Непросто в часы покоя и умиротворения вызывать в памяти миновавшую печаль, которая разрывала сердце. По милости Божьей ни от чего так надежно не отгорожены мы забвением, как от боли. Один или два мучительнейших приступа той поры я не забыла, ими и могу измерить всю тяжесть выпавших мне тогда страдании.
На следующий день — о, эта чудовищная неотвратимость! — были похороны. Выносимый под шепот — будто совершается нечто тайное, — выносимый близкими в черном дорогой человек, не простившись, покидает дом, чтобы никогда больше не переступить его порога, но отныне лежать где-то там… вдали от дома… покинутым… и в томящий летний зной, и во дни, когда безмолвно падает снег, и в ночи, когда ревет буря… оставаясь без света и тепла, без родных голосов. Смерть, мрачная владычица, пред тобой слабеет дух, трепещет плоть! Напрасно, закрыв лицо ладонями, кричать, протестовать — страшный образ неистребим. С нами только слово, сказанное восемнадцать веков назад. И наша вера. И луч вифлеемской звезды.
Я почувствовала облегчение, когда все закончилось. До этого момента я терзалась ожиданием развязки. И вот — конец.
Странно пустой дом. Нет владельца, нет господина. Я, на краткий срок свободная, лишена любви, которую не возместить и никогда не оценить, не утратив. Большинству людей, переживших такие дни, памятен таящийся под горькой скорбью страх.
Обиталище бедного изгнанника из круга сей жизни предано уничтожению. Постель и занавеси сняты, мебель переставлена, ковер убран, окна раскрыты, а двери заперты. Той спальне и передней комнате на долгие дни теперь назначено пустовать. Сердце мое сжималось при виде этих перемен, каждая ранила будто укор.

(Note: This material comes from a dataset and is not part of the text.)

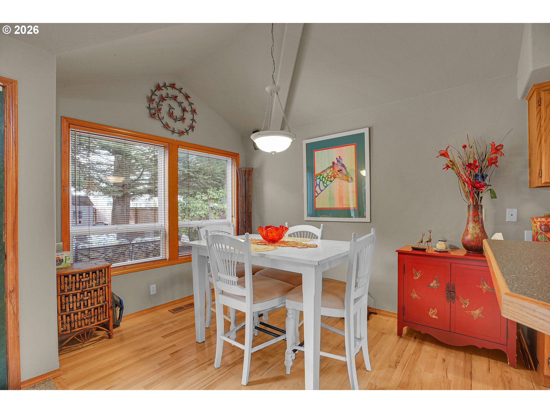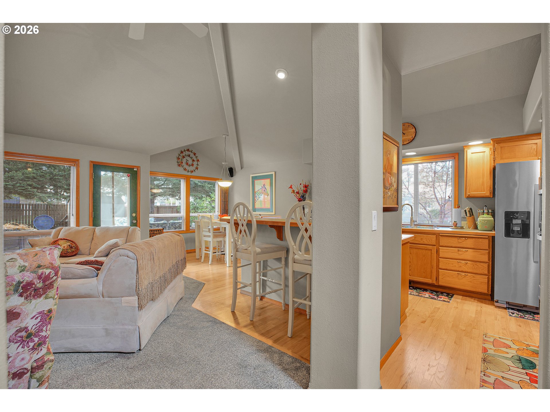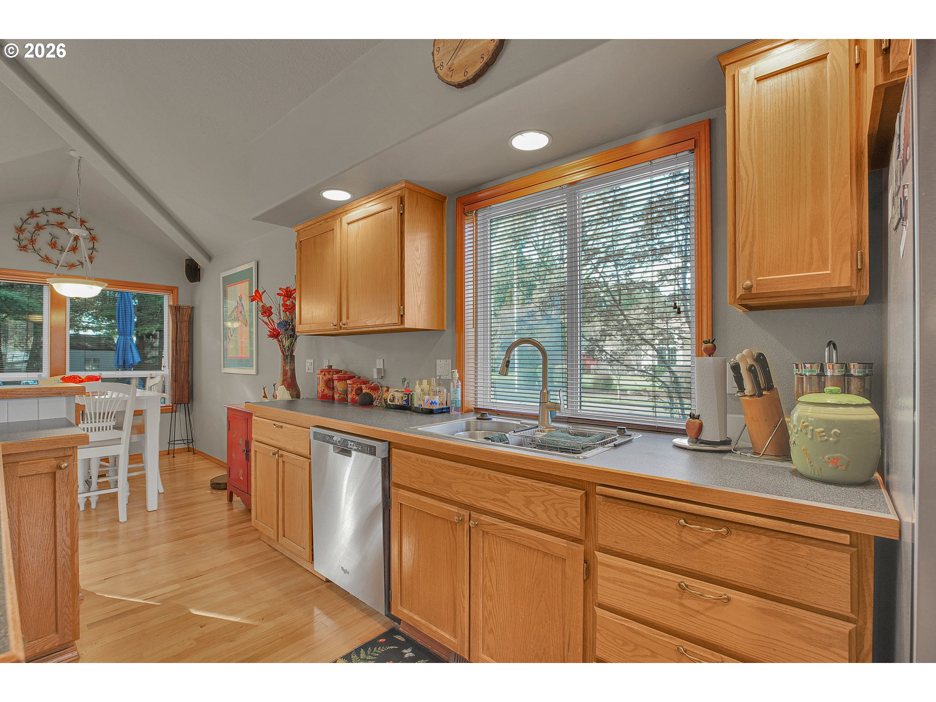 - Welcome to this beautifully crafted one-level home, thoughtfully designed with comfort in mind. Recent updates include a newer roof (2019), furnace, hot water heater and recent exterior and interior paint. The kitchen offers both style and functionality with a large kitchen island and built-in appliances. The rooflines create vaulted ceilings, and large, high-quality double-pane windows fill the home with natural light. The sizeable, deep backyard is perfect for gatherings, featuring a large patio and a newer storage shed. Located in a welcoming neighborhood with wide streets, this home blends small-community allure with easy access to all of Hillsboro. Close by, you will find Noble Woods Park, a 40-acre natural oasis with paved trails, forests, and plenty of wildlife. Nearby you will find top employers, shopping, restaurants, and all Hillsboro has to offer. [Home Energy Score = 7. HES Report at https://rpt.greenbuildingregistry.com/hes/OR10244215]

В тот день я видела кузину Монику заплаканной — впервые, наверное, с ее приезда в Ноул. И я еще больше полюбила ее, даже испытала какое-то утешение. Видя слезы в чьих-то глазах, я часто сама переставала плакать, хотя никогда не могла объяснить, почему. Думаю, многим это знакомо.

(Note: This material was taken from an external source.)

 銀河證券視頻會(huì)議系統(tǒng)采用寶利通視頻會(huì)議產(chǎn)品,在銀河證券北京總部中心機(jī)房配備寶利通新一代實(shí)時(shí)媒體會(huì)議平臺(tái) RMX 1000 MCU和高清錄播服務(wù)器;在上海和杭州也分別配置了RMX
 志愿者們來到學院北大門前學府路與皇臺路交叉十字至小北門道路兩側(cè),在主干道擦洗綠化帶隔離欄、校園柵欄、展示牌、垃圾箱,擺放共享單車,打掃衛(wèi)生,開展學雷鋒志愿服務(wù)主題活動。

Похороны свершились согласно кратким, но категоричным распоряжениям, содержавшимся в завещании, очень скромно, в присутствии близких. Конечно, были провожающие: все обитатели Ноула тоже шли за гробом к расположенному в парке мавзолею, где отца положили рядом с моей дорогой матерью. На том ужасная церемония завершилась. Горе осталось при нас, но изнуряющее нервное напряжение отступило и на смену ему пришел относительный покой.
Сентябрь был на исходе, дико завывал ветер — по осени тянул погребальную песнь, за которой уже слышались бурные походные марши зимы. Я всегда любила эту величественную, грозную и печальную музыку, в которой переплетены голоса свободы и скорби.

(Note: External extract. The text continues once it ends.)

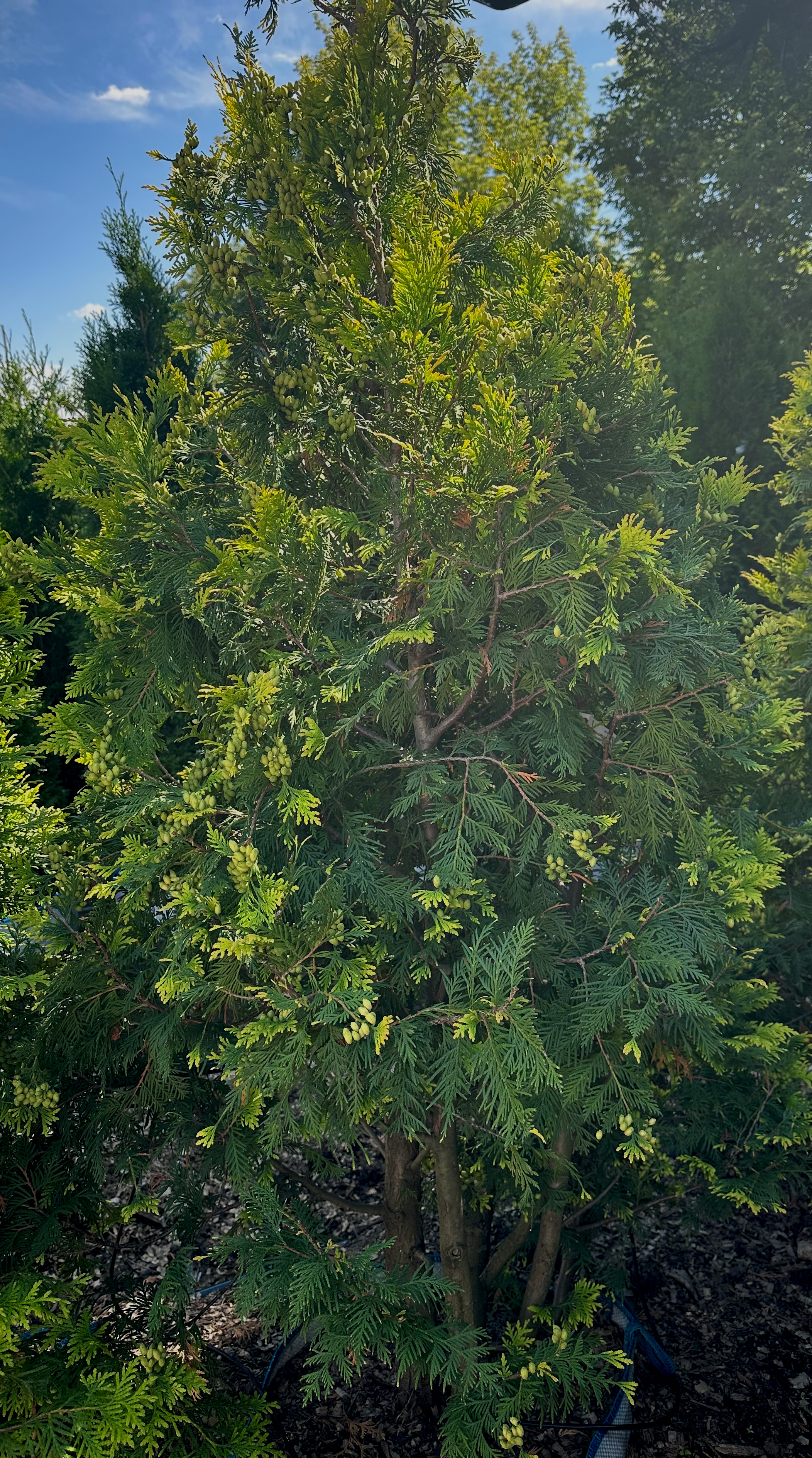 Это растение представляет собой кустарник или небольшое деревце, достигающее высоты до 4 метров и имеющее диаметр около 1-1,5 метров. Крона у него узкая, конической формы, а ветви растут вертикально вверх. Хвоя имеет форму чешуек, плотно прижата к побегам и расположена крестообразно вдоль них. Она яркая, золотисто-жёлтого цвета. Зимой её цвет становится оранжево-коричневато-жёлтым. Корневая система у этого растения поверхностная, но с несколькими основными глубокими корнями и множеством разветвлённых тонких боковых корней.

Мы сидели в гостиной, внимая звукам бури, когда с вечерней почтой в Ноул было доставлено адресованное мне письмо — огромная черная печать, черная кайма по конверту, будто из крепа… знак глубокого траура. Почерк показался незнакомым, но, открыв письмо, я узнала, что написано оно дядей Сайласом. Вот оно.
«Дражайшая племянница! Это письмо Вы получите, возможно, в тот день, когда бренные останки моего возлюбленного брата Остина, а Вашего дорогого отца, будут преданы земле. Печальная церемония, участия в коей я не принимаю ввиду моих лет, слабого здоровья и расстояний. Верю, что в сию годину скорби Вам не причинит боли напоминание о том, что чтимого и только что утраченного Вами родителя назначен — его волей — заменить Ваш дядя, недостойный чести, но жаждущий оправдать доверие. Мне известно, что Вы присутствовали при оглашении завещания; надеюсь, единственно ко взаимному удовольствию отныне установятся меж нами новые отношения. Они послужат спокойствию моей совести, Вашему благополучию и, верю, пользе. Оставайтесь в Ноуле, моя дорогая племянница, пока не будут завершены некоторые скромные приготовления, предпринятые в связи с Вашим скорым появлением у нас. А затем я побеспокоюсь о Вашем переезде, дабы он оказался как можно более удобным и незатруднительным. Смиренно молюсь и уповаю, что это испытание послано нам во очищение от грехов и что в наших новых обязанностях мы будем наставлены, поддержаны и утешены. Мне незачем напоминать Вам, что теперь я для Вас пребываю в loco parentis, то есть в роли отца, а посему Вы не должны покидать Ноул, не дождавшись вестей от меня.
Ваш любящий дядя и опекун
P. S. Кланяйтесь леди Ноуллз, которая, как я догадываюсь, длит свой визит в Ноуле. Должен заметить, что леди, питающая, как я имею основания опасаться, недобрые чувства к Вашему дяде, — не самая подходящая компания для его подопечной. Но при условии, что я не буду предметом Ваших бесед — а это никак не способствовало бы появлению у моей племянницы верного и уважительного мнения обо мне, — не прибегну к доверенной власти, дабы пресечь Ваше общение незамедлительно».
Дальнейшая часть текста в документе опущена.